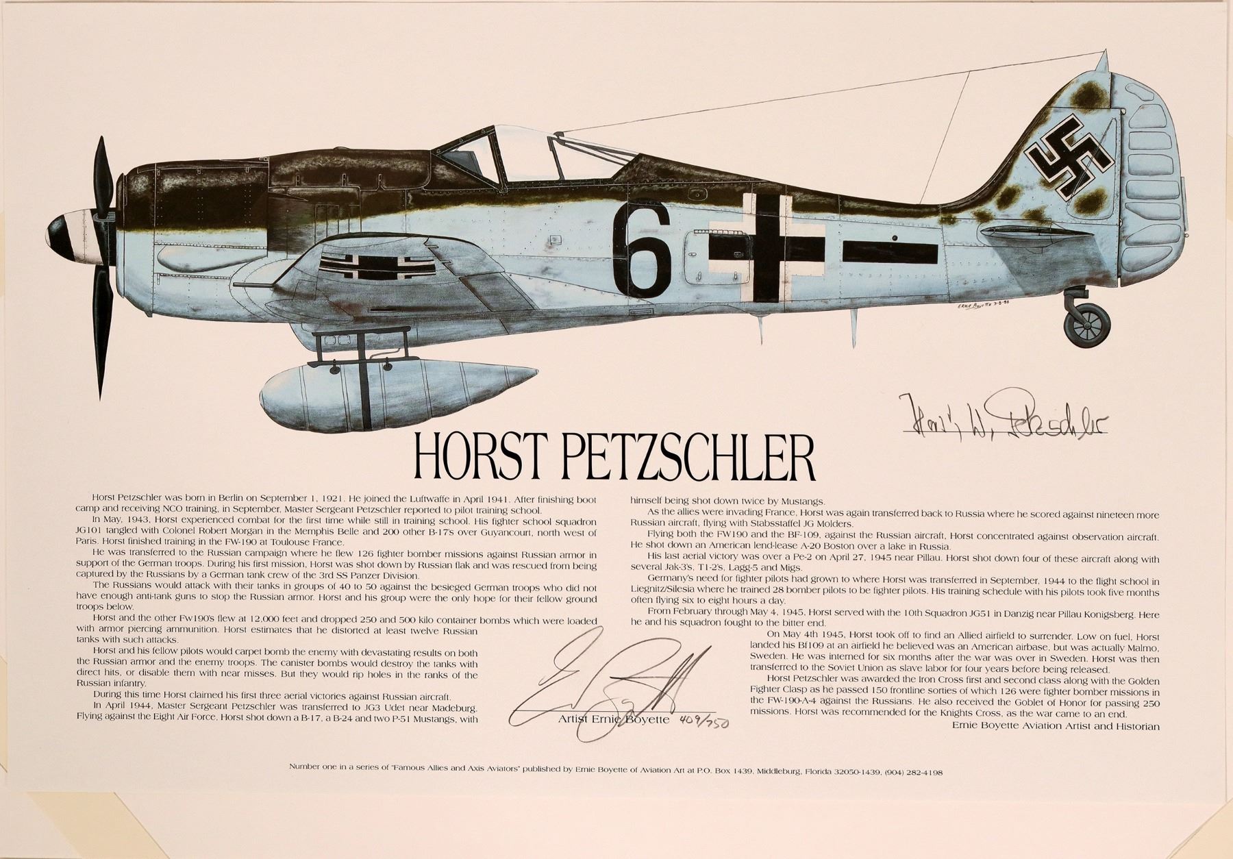 "Horst Petzschier" :This is the Bf-109G-6, "high altitude fighter" that was flown by Horst Petzschler. Horst flew two fighters painted exactly the same. Ernie Boyette S/N 409/750 Limited Edition Print. signed by pilot and artist. Biography below art work.
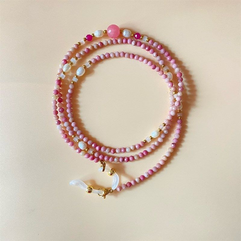天然粉蔷薇眼镜链时尚浪漫女士挂脖项链长款墨镜挂绳百搭眼镜配饰
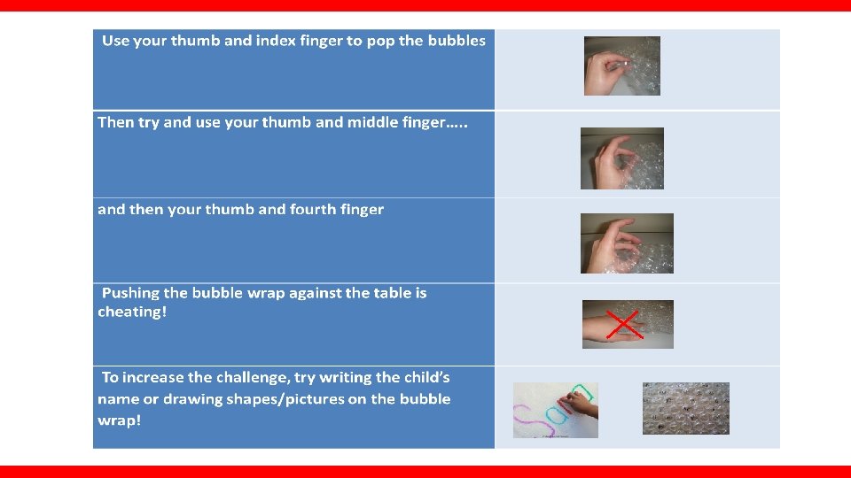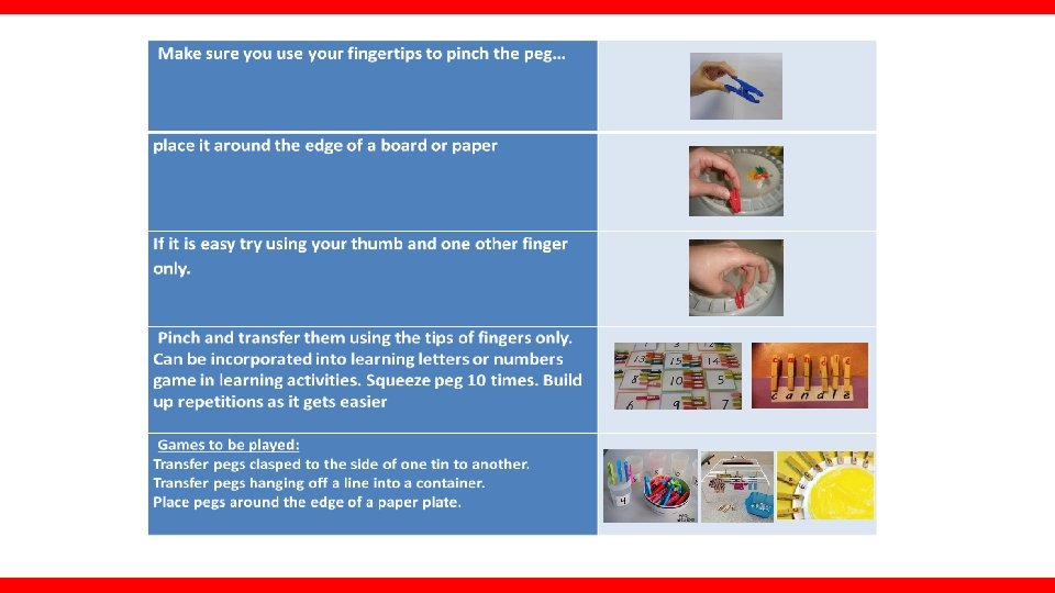 PREPARATORY ACTIVITIES- Finger Strengthening First try to find the pegs in the putty using your fingertips Then roll the putty into a sausage. Make a caterpillar by pinching it between your thumb and index finger…. Try using your thumb and middle finger Now using one hand only scrunch the caterpillar up… Still using one hand only…squash it into a pancake and then make it into a ball inside your hand! .

_Task prompt_
Copy the data exactly. Pictures do not belong in the copy.

_Task result_
 "Horst Petzschier" :This is the Bf-109G-6, "high altitude fighter" that was flown by Horst Petzschler. Horst flew two fighters painted exactly the same. Ernie Boyette S/N 409/750 Limited Edition Print. signed by pilot and artist. Biography below art work.
天然粉蔷薇眼镜链时尚浪漫女士挂脖项链长款墨镜挂绳百搭眼镜配饰
 PREPARATORY ACTIVITIES- Finger Strengthening First try to find the pegs in the putty using your fingertips Then roll the putty into a sausage. Make a caterpillar by pinching it between your thumb and index finger…. Try using your thumb and middle finger Now using one hand only scrunch the caterpillar up… Still using one hand only…squash it into a pancake and then make it into a ball inside your hand! .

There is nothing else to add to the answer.